I am currently in fair condition. Holding a full time job. Although I have to excuse myself through reduced working hours specially during high stress seasons at work. I work in a fast paced design/publishing company and mental stress wears my immune system down. Aside from myself, a first cousin of mine, of the same age and gender, was diagnosed with the same thing. The sad part is, she lives in our home country -- the Philippines, where medication is not adequate and affordable. One of my immediate goals in the future is to work on my remission so I can volunteer my time for other lupus patients in need.

Wynter, United States - Ohio

I have CNS lupus. I was misdiagnosed for about four years. I was a law student, with a full scholarship, and I had to drop out because my body couldn't take it. My hands shake, because of an intention tremor. I fall a lot. My vision has deteriorated because of neuritis and optic neuritis.
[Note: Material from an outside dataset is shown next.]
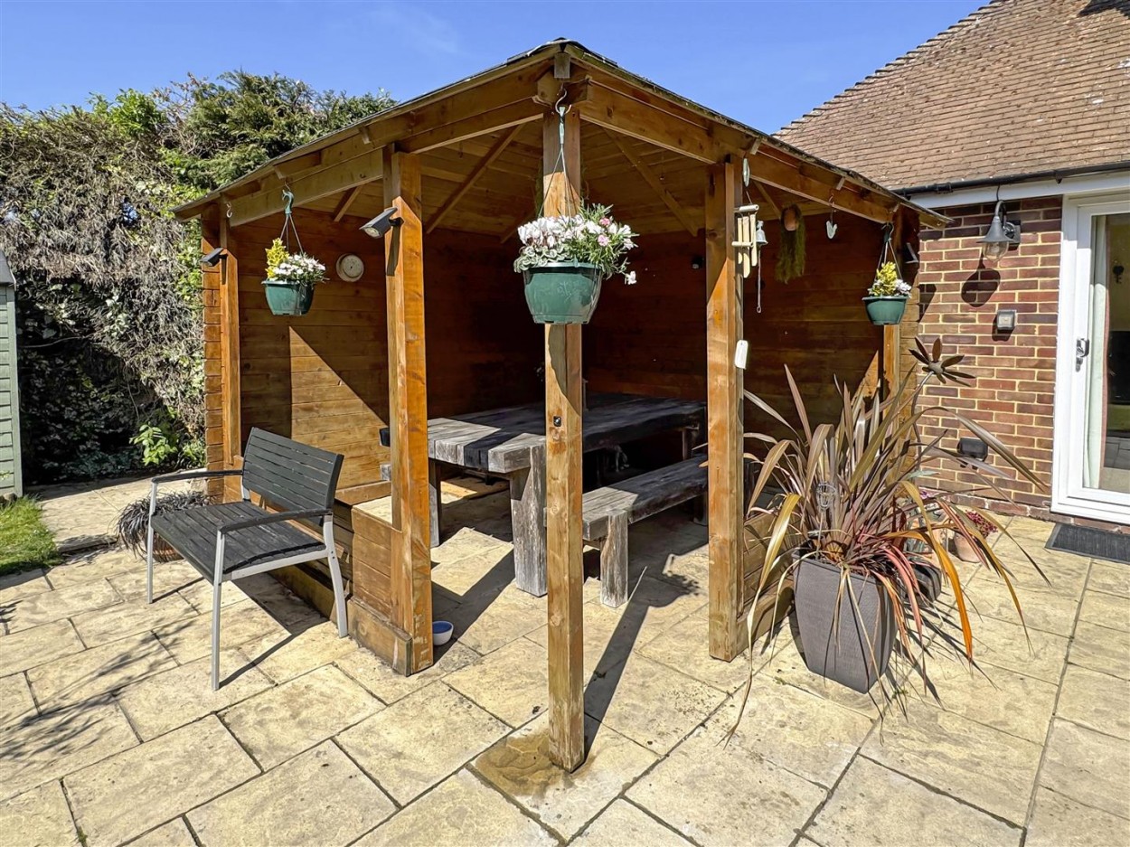 Externally to the rear there is a private and secluded SOUTH facing garden, which is surrounded and screened by mature trees, shrubs and flower borders with the remainder being mainly laid to lawn. The rear garden benefits from a large patio area with a feature fixed timber framed gazebo to one side, which is ideal for entertaining/alfresco dining. The gardens surround the property to all sides, where there is a shingled area with a shed which again is screened by trees, shrubs and bushes.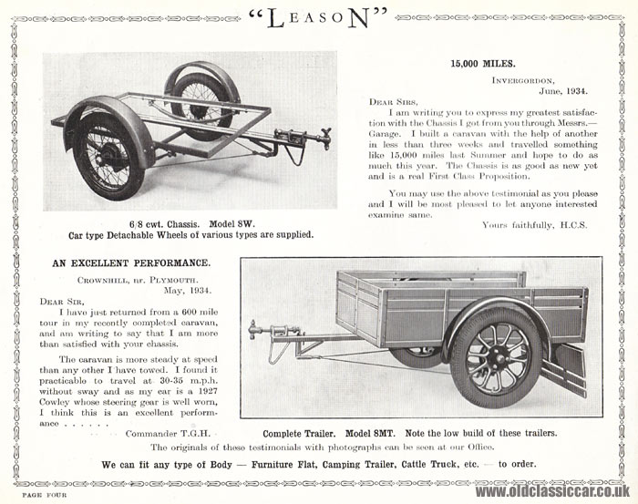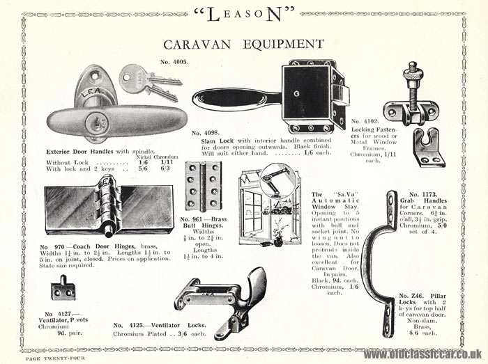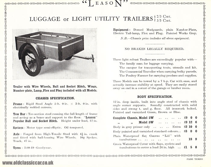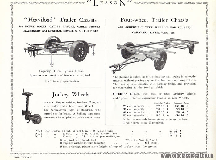 Firstly, thanks to Nick who scanned and emailed over all the pages shown alongside some time back. The catalogue dates to 1937, and was produced by Joseph Lea & Sons (hence the name Leason), who sold a varied selection of trailers, trailer chassis, towing parts, and accessories prior to WW2. For anyone who owns a vintage or classic car, and needs to be able to tow a trailer, one of the trailers shown on this page would look great behind a pre-war car, rather than having a modern trailer coupled to an ancient car. There are also some good views of accessories that anyone restoring an old caravan or car trailer might find useful.

When my joints ache, I hurt so badly that I want to die. I recently developed an SCLE rash that nearly killed me and I just spent 21 days in the hospital. I'm still swollen from prednisone I have to take, which is destroying my bones. I have two children: an 8 year old autistic son and a 5 year old daughter in kindergarten. It's hard to tell them that Mama can't come outside in the sun with them, that Mama is too sick to play with them, that Mama is at the doctor or hospital again, that Mama can't tie their shoes because Mama's hands are shaking too hard. I'm terrified. I feel like I’m losing myself, what defines me, piece by piece, to this disease, and I'm only 38 years old.